## PROVIDED DATA:
——

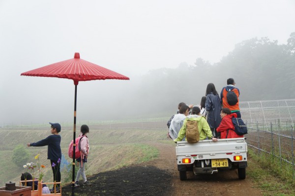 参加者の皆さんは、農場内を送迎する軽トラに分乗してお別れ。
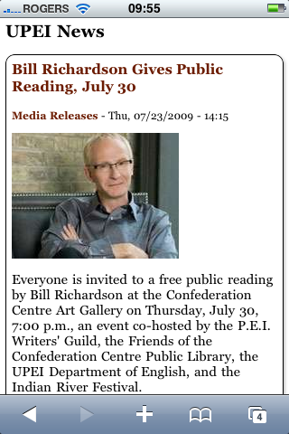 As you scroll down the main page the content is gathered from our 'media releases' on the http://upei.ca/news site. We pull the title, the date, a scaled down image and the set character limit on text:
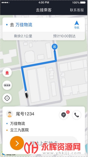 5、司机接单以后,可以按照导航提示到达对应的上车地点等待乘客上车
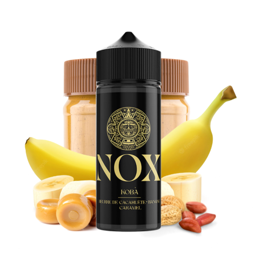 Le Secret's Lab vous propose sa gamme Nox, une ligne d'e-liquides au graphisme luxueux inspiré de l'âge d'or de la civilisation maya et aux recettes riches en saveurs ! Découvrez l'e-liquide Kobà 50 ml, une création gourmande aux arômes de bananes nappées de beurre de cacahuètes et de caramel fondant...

——

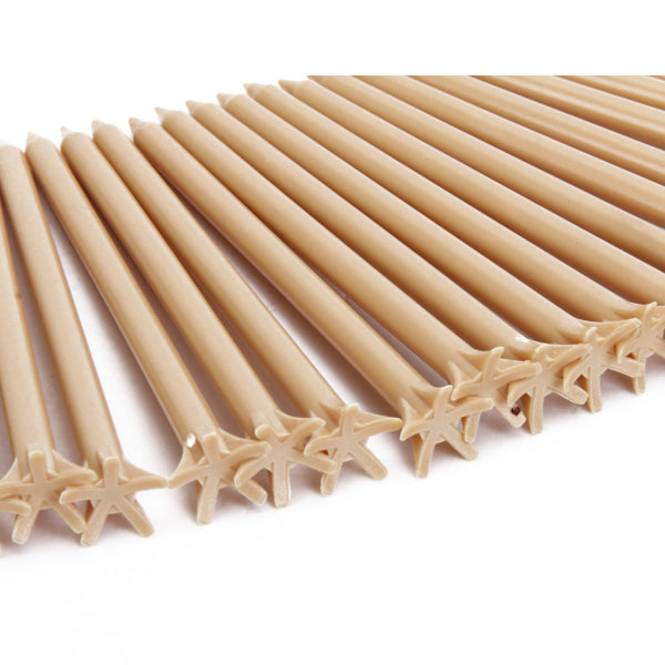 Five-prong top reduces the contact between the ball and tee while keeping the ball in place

——

## WHAT YOU SHOULD DO:
Reproduce the data above exactly, but only from the line containing "参加者の皆さんは、農場内を送迎する軽トラに分乗してお別れ。" through the line containing "Le Secret's Lab". Omit all pictures.

## TASK OUTPUT:
 参加者の皆さんは、農場内を送迎する軽トラに分乗してお別れ。
 As you scroll down the main page the content is gathered from our 'media releases' on the http://upei.ca/news site. We pull the title, the date, a scaled down image and the set character limit on text:
 5、司机接单以后,可以按照导航提示到达对应的上车地点等待乘客上车
 Le Secret's Lab vous propose sa gamme Nox, une ligne d'e-liquides au graphisme luxueux inspiré de l'âge d'or de la civilisation maya et aux recettes riches en saveurs ! Découvrez l'e-liquide Kobà 50 ml, une création gourmande aux arômes de bananes nappées de beurre de cacahuètes et de caramel fondant...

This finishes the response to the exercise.